Theli is the fifth studio album by Swedish symphonic metal band Therion. This was the last album on which Christofer Johnsson sang until 2004's Lemuria. A music video was filmed for the song "To Mega Therion". The title of the track is a Greek reference to The Beast in the Christian Book of Revelation.

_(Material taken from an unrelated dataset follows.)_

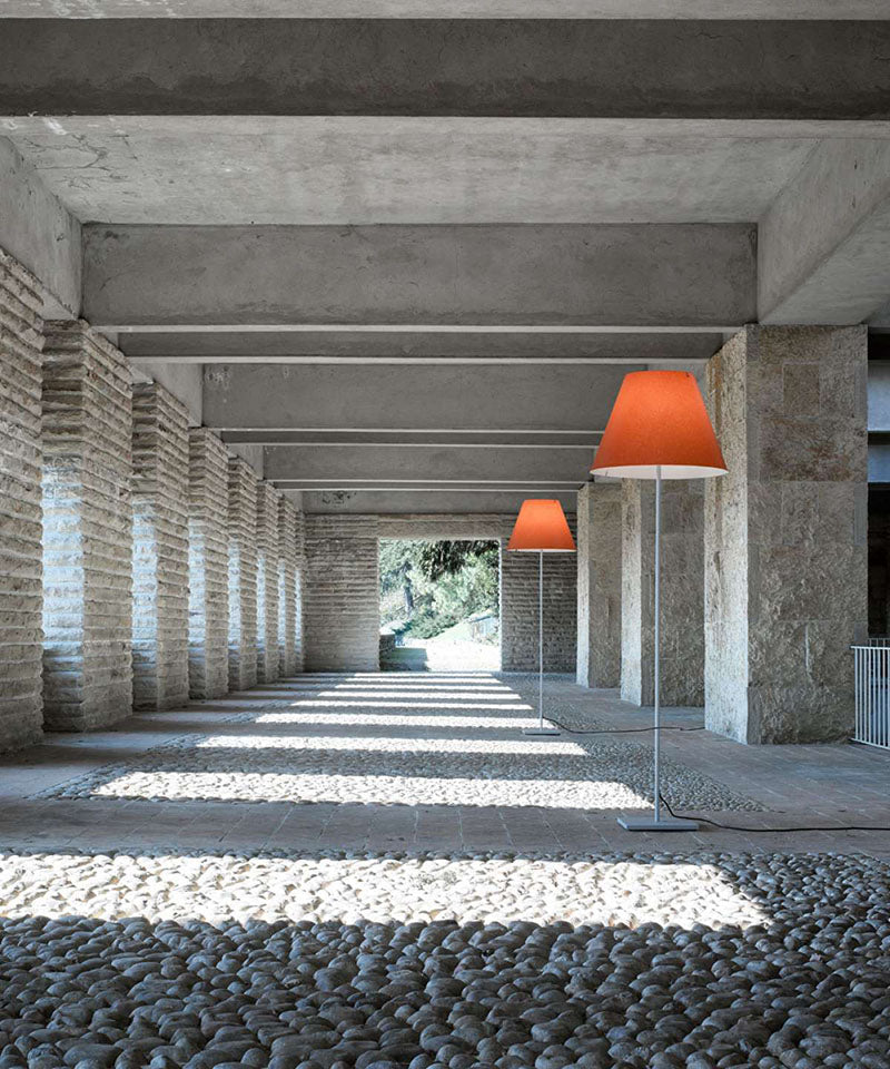 The new outdoor version is able to give light to terraces and garden with elegance and efficiency. Available with off-white, rust, or light green shade. Stem is white, rust or aluminium.

The song appears in the shockumentary film Traces of Death IV.

Professional ratings
Review scores
| Source | Rating |
| Allmusic | link |

==Track listing==

| No. | Title | Length |
|---|---|---|
| 1. | "Preludium" (Instrumental) | 1:43 |
| 2. | "To Mega Therion" | 6:34 |
| 3. | "Cults of the Shadow" | 5:14 |
| 4. | "In the Desert of Set" | 5:29 |
| 5. | "Interludium" (Instrumental) | 1:47 |
| 6. | "Nightside of Eden" | 7:31 |
| 7. | "Opus Eclipse" (Instrumental) | 3:41 |
| 8. | "Invocation of Naamah" | 5:31 |
| 9. | "The Siren of the Woods" | 9:55 |
| 10. | "Grand Finale / Postludium" (Instrumental) | 4:04 |
| Total length: |  | 51:29 |

Japanese edition bonus tracks
| No. | Title | Length |
|---|---|---|
| 11. | "In Remembrance" | 6:05 |
| 12. | "Black Fairy" (European Metal Version) | 5:55 |
| 13. | "Fly to the Rainbow" (Scorpions cover) | 8:15 |
| Total length: |  | 71:44 |

==Credits==
===Therion line-up===
- Christofer Johnsson – guitar, vocals, keyboards
- Piotr Wawrzeniuk – drums, vocals
- Lars Rosenberg – bass guitar
- Jonas Mellberg – guitar, acoustic guitar, keyboards

===Guest musicians===
- Dan Swanö – vocals
- Jan Peter Genkel – grand piano, keyboards, programming
- Gottfried Koch – keyboards, programming

===North German Radio Choir===
- Raphaela Mayhaus – soprano
- Bettina Stumm – soprano
- Ursula Ritters – alto
- Ergin Onat – tenor
- Joachim Gebhardt – bass
- Klaus Bulow – bass

===Siren Choir===
- Anja Krenz – solo soprano
- Constanze Arens – soprano
- Riekje Weber – alto
- Stephan Gade – tenor
- Axel Patz – solo bass-baritone

==Single==
- "The Siren of the Woods"

==Cover design==
Cover was made by Peter Grøn.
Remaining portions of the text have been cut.